## Task details
The required output is the exact run of lines in the listing below from the line holding "サイトに愛犬の居場所をつくる" through the line holding "ich habe auf", with no pictures.
★ ★ ★ ★ ★ ★ ★
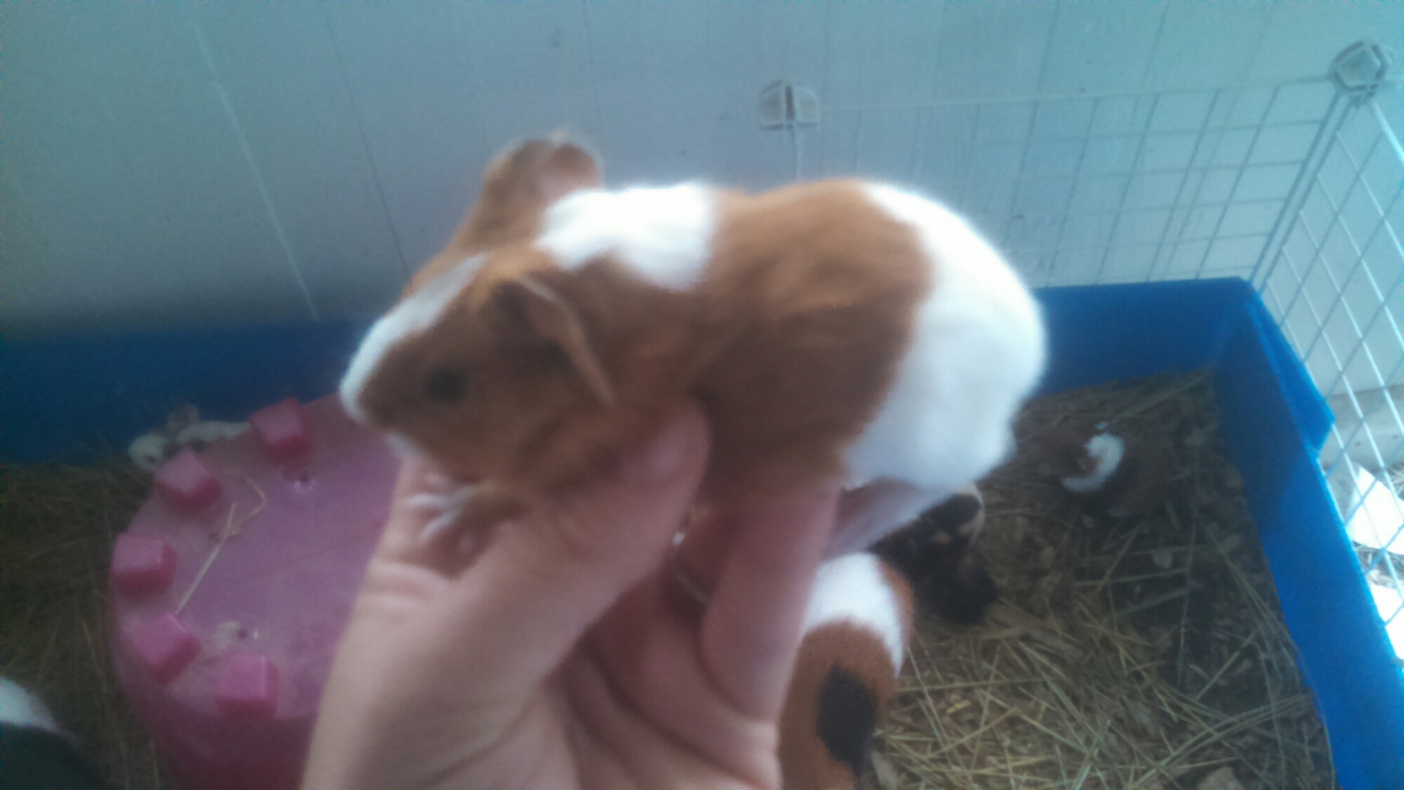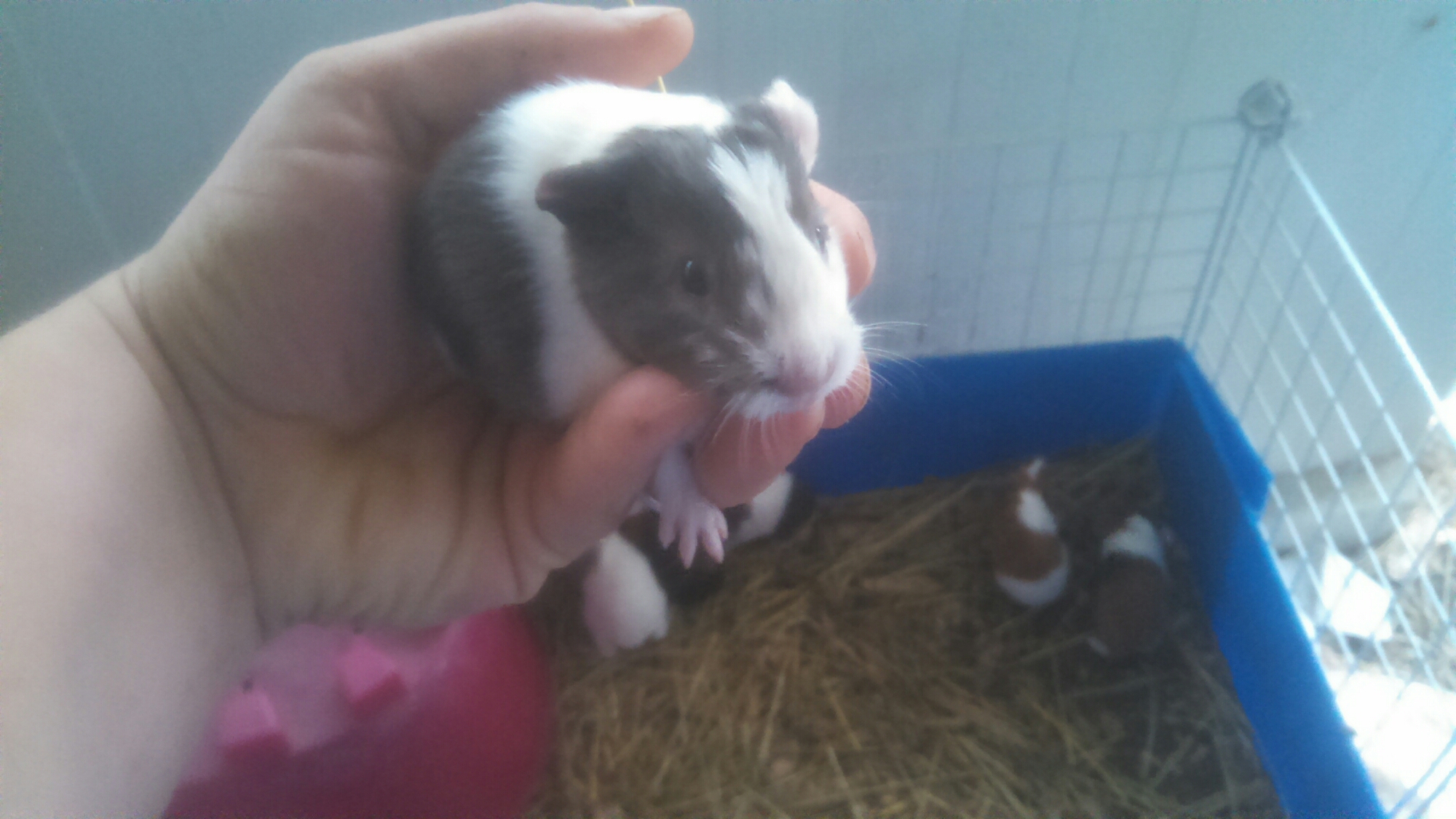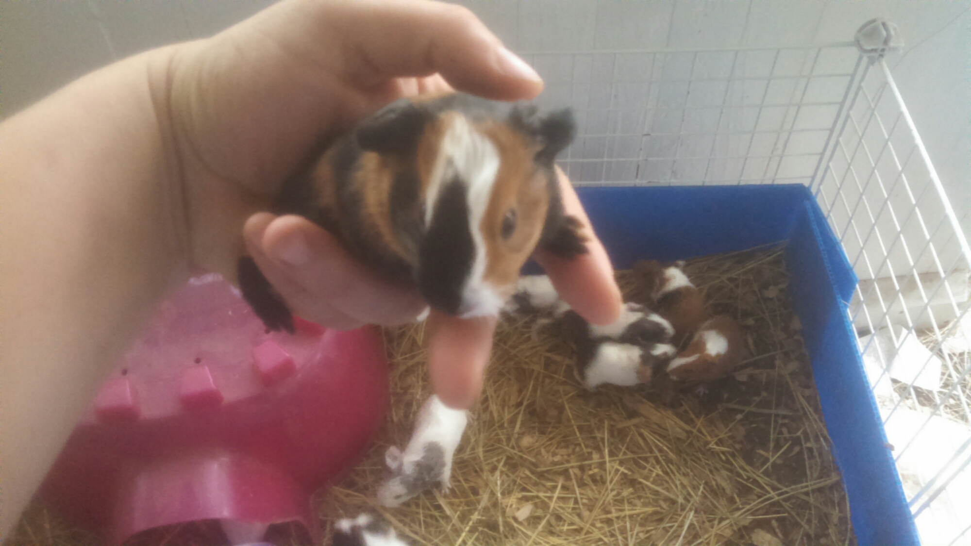 But, by far my favorite baby is a black, orange, and white baby. The face blaze is actually white, with a black splotch. The body has a lot of black, with orange stripes. All are healthy.
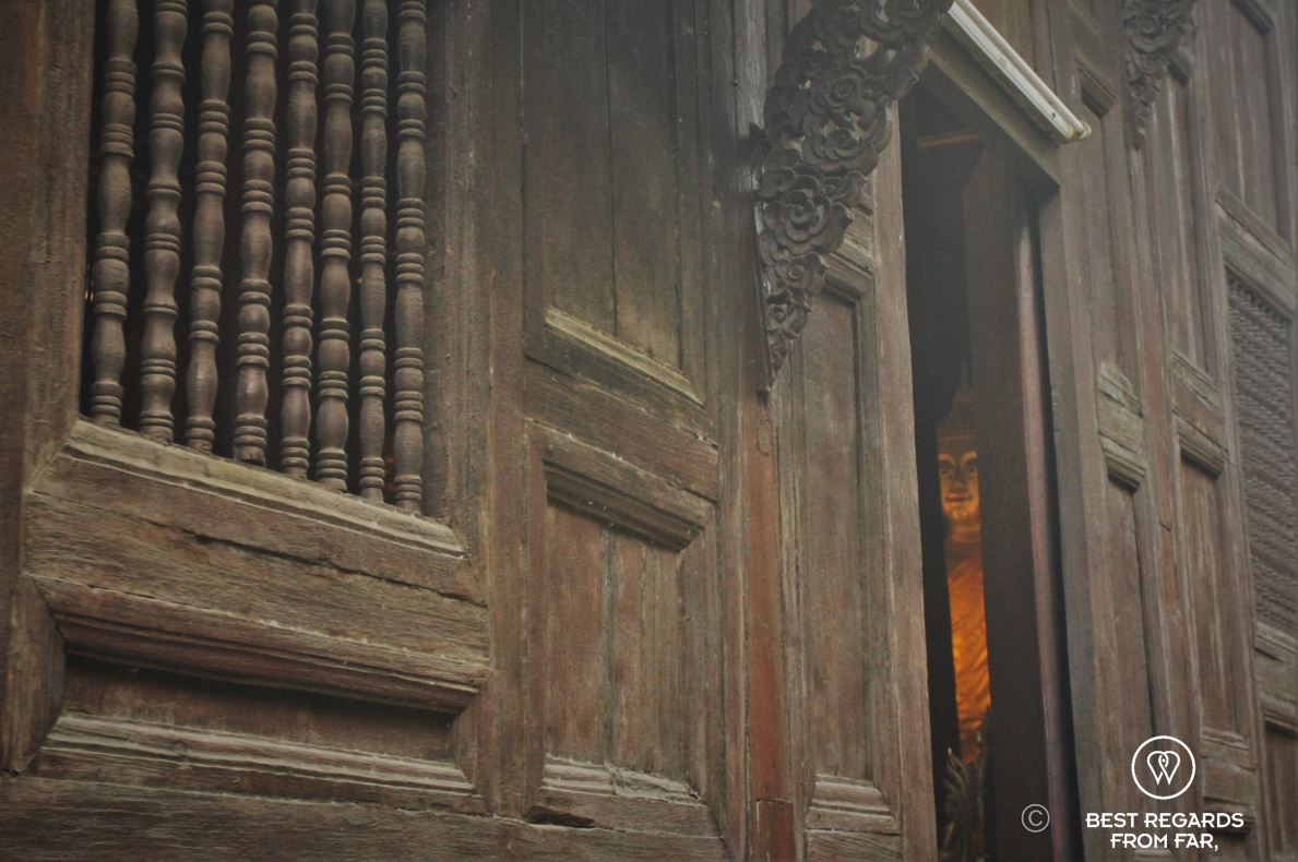 The enormous statue is framed by elephantine teak pillars that are hundreds of years old. 26 other pillars support the rest of the dark wooden roof above us.
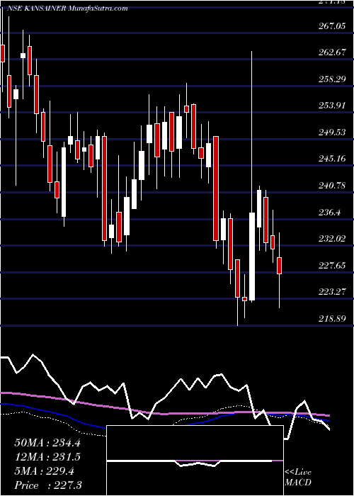 Volume Weighted Averaged Price (VWAP) for short term is 231 and KansaiNerolac KANSAINER stock is trading below this level. This means that stock is falling with high volumes. VWAP is falling down
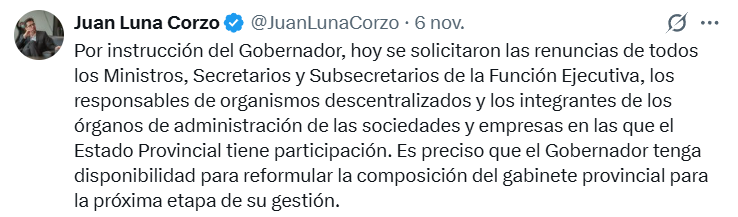 El gobernador de La Rioja, Ricardo Quintela, solicitó la renuncia de todos los miembros de su gabinete, incluyendo ministros, secretarios, subsecretarios y titulares de organismos descentralizados. La decisión se produjo luego de su estrecho triunfo en las elecciones legislativas del 26 de octubre, donde ganó por poco más de 700 votos.
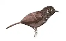 In appearance it is similar to the sooty babbler (S. herberti), but differs in having a pale iris, a white crescent behind the ear, a white throat patch with black spots, and a black bill.
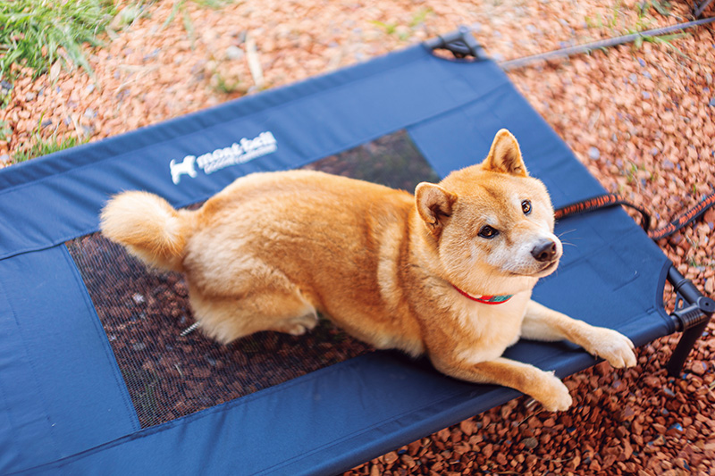 サイトに愛犬の居場所をつくるならドッグコットがおすすめ。メッシュ素材なら風通しがいいので、夏も快適に過ごせる。ただし犬によっては、乗った時の沈み込む感じを嫌がるので、あらかじめ家で慣らしておくようにしたい。
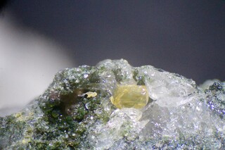 ich habe auf einer Stufe aus dem Steinbruch Oßling (aus den frühen 90ern) einen Kristall entdeckt, welchen ich bisher nicht zuordnen konnte. Begleitmineralien sind Titanit, Chamosit und Quarz. BB beträgt ca. 6mm.
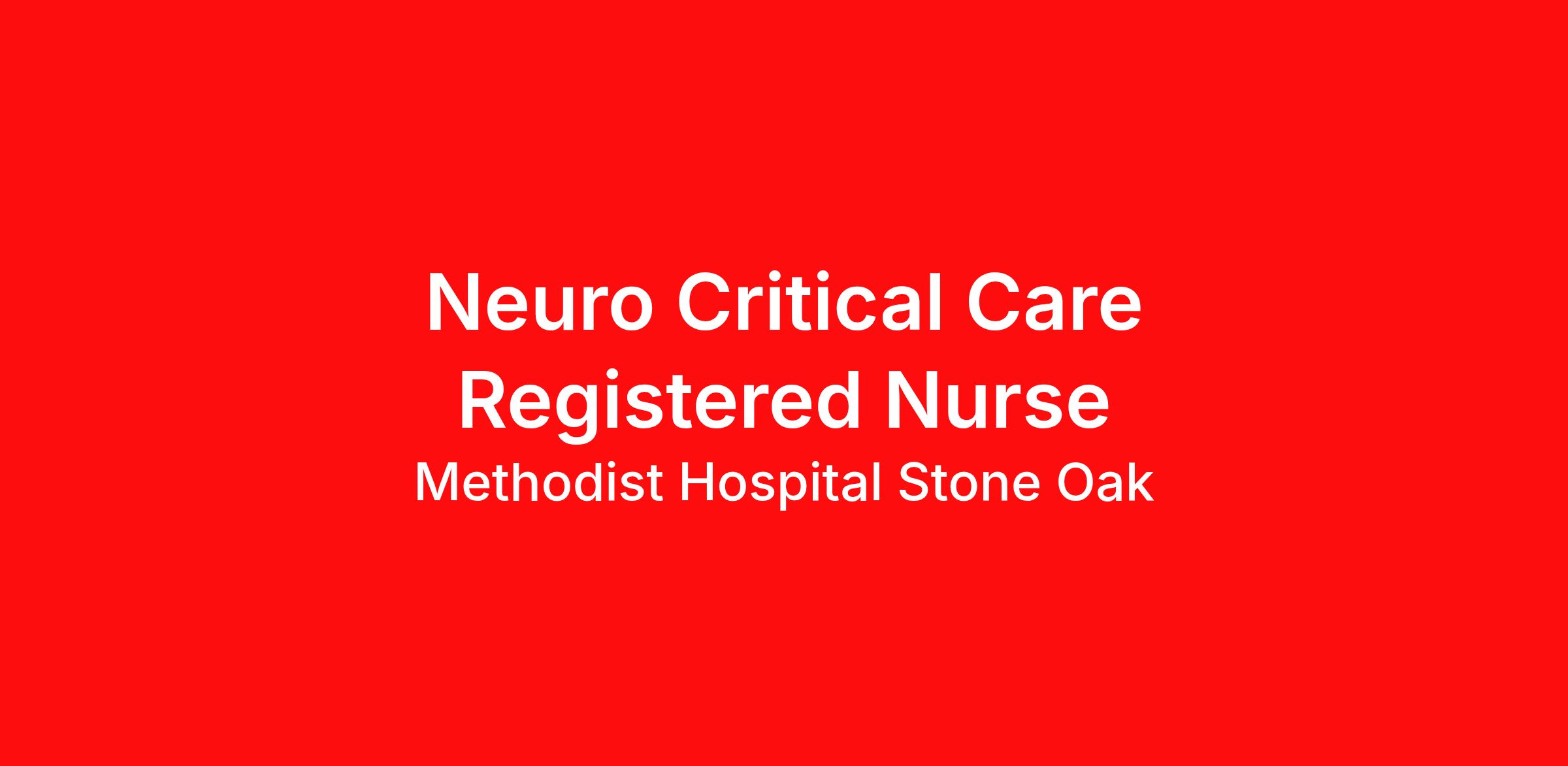 Stroke response times nearly half of the national average. Cutting-edge SPOT Technology that detects sepsis earlier than the human eye. An Enhanced Surgical Recovery program that reduces opioid prescriptions and post-surgical readmissions. As a national learning health system, we're transforming care delivery, advancing clinical outcomes, and empowering our nursing teams in a collaborative effort to give people a healthier tomorrow. Join us! Job Summary and Qualifications Are you a nurse with a passion for neuroscience and critical care? Our 14-bed Neuro Critical Care Unit (NCCU) is a cutting-edge, high-acuity environment specializing in the management of critically ill neurological and neurosurgical patients. NCCU plays a vital role in providing advanced care for stroke, spinal cord injuries, lumbar drains, seizures, and other complex neurological conditions. Why Join Our Neuro ICU? Expert-Level Care: Work in a Primary Stroke Center, providing rapid, life-saving interventions, including mechanical thrombectomy, continuous EEG monitoring, and advanced neuroimaging. State-of-the-Art Technology: Utilize intracranial pressure monitoring, targeted temperature management, and advanced hemodynamic support in a specialized neurocritical care setting. Interdisciplinary Team Collaboration: Partner with intensivists, neurosurgeons, stroke specialists, respiratory therapists, and rehabilitation teams to optimize patient outcomes. Professional Growth: Access ongoing education in neurocritical care nursing, stroke management, and advanced neurological assessments, with opportunities for certification (CNRN, SCRN). Your Role in the Unit: Provide expert care for patients with acute ischemic stroke, hemorrhagic stroke, subarachnoid hemorrhage, traumatic brain injury (TBI), status epilepticus, and post-neurosurgical recovery. Perform frequent neurological assessments, monitor for signs of deterioration, and intervene rapidly to prevent secondary brain injury. Manage advanced therapies, including ventilators, continuous EEG, and vasoactive medications. Educate patients and families on neurological conditions, rehabilitation expectations, and recovery pathways. What qualifications you will need: Graduate of an accredited diploma, associates, or baccalaureate degree registered nursing program. Minimum of six (6) months of clinical experience as a licensed Registered Nurse required One (1) year of critical care experience as a licensed Registered Nurse preferred Current Registered Nurse License in the State of Texas or Multi-State Compact License (Employees with RN Compact License are required to obtain Texas RN License within 90 days of hire date) Current American Heart Association BLS Certification Benefits Methodist Hospital Stone Oak, offers a total rewards package that supports the health, life, career and retirement of our colleagues. The available plans and programs include: Comprehensive benefits for medical, prescription drug, dental, vision, behavioral health and telemedicine services Wellbeing support, including free counseling and referral services Time away from work programs for paid time off, paid family leave, long- and short-term disability coverage and leaves of absence Savings and retirement resources , including a 401(k) Plan with a 100% match on 3% to 9% of pay (based on years of service), Employee Stock Purchase Plan, flexible spending accounts, preferred banking partnerships, retirement readiness tools, rollover support and financial wellbeing counseling Education support through tuition assistance, student loan assistance, certification support, dependent scholarships and a partnership with Galen College of Nursing Additional benefits for fertility and family building, adoption assistance, life insurance, supplemental health protection plans, auto and home insurance, legal counseling, identity theft protection and consumer discounts Learn more about Employee Benefits Note: Eligibility for benefits may vary by location. Methodist Hospital Stone Oak is equipped with the most modern technology available. With over 280 beds, services include emergency care, general surgery, obstetrics and gynecology, neonatology, oncology, neurosurgery, orthopedics, and acute rehab services. Methodist Hospital Stone Oak is accredited by the Joint Commission as a Primary Stroke Center and Chest Pain Center. The stroke rehabilitation program has received the Joint Commission's Gold Seal of Approval® for Disease-Specific Care Certification of Stroke Rehabilitation. We belong to the Texas Institute for Robotic Surgery. Our surgeons and technology offer minimally invasive options to patients. Surgeons from around the country come to train under our world class team. The hospital has been recognized by Leapfrog’s Hospital Safety Grade A and by Modern Healthcare as one of the Top 100 Best Places to Work in Healthcare. We have also been recognized as a Joint Commission Top Performer on Key Quality Measures®. Finally, by Medicare.gov as 1 in San Antonio and 6 in the entire nation. The hospital is 1 of only 102 hospitals to receive Medicare.gov’s 5-star rating. Join our team to be part of the innovation. "The great hospitals will always put the patient and the patient's family first, and the really great institutions will provide care with warmth, compassion, and dignity for the individual."- Dr. Thomas Frist, Sr. HCA Healthcare Co-Founder Join a family that cares about every stage in your career! We are interviewing candidates for our Neuro Critical Care Registered Nurse opening. Apply today and a member of our Talent Acquisition team will reach out. We are an equal opportunity employer. We do not discriminate on the basis of race, religion, color, national origin, gender, sexual orientation, age, marital status, veteran status, or disability status.
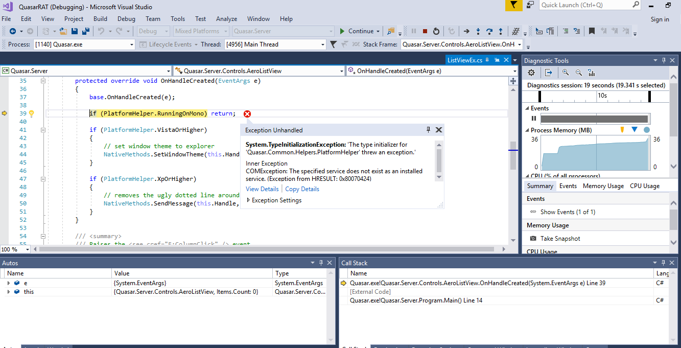 Message=The type initializer for 'Quasar.Common.Helpers.PlatformHelper' threw an exception.
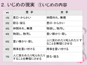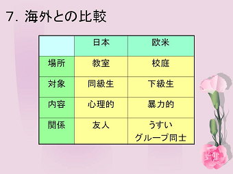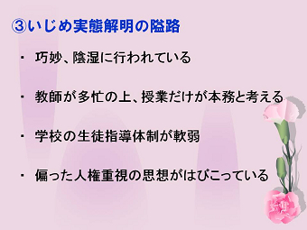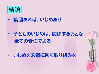 講演内容は大変充実していて、いじめの定義から始まり、原因、特徴、子供たちの
★ ★ ★ ★ ★ ★ ★
## Response to the task
 サイトに愛犬の居場所をつくるならドッグコットがおすすめ。メッシュ素材なら風通しがいいので、夏も快適に過ごせる。ただし犬によっては、乗った時の沈み込む感じを嫌がるので、あらかじめ家で慣らしておくようにしたい。
 ich habe auf einer Stufe aus dem Steinbruch Oßling (aus den frühen 90ern) einen Kristall entdeckt, welchen ich bisher nicht zuordnen konnte. Begleitmineralien sind Titanit, Chamosit und Quarz. BB beträgt ca. 6mm.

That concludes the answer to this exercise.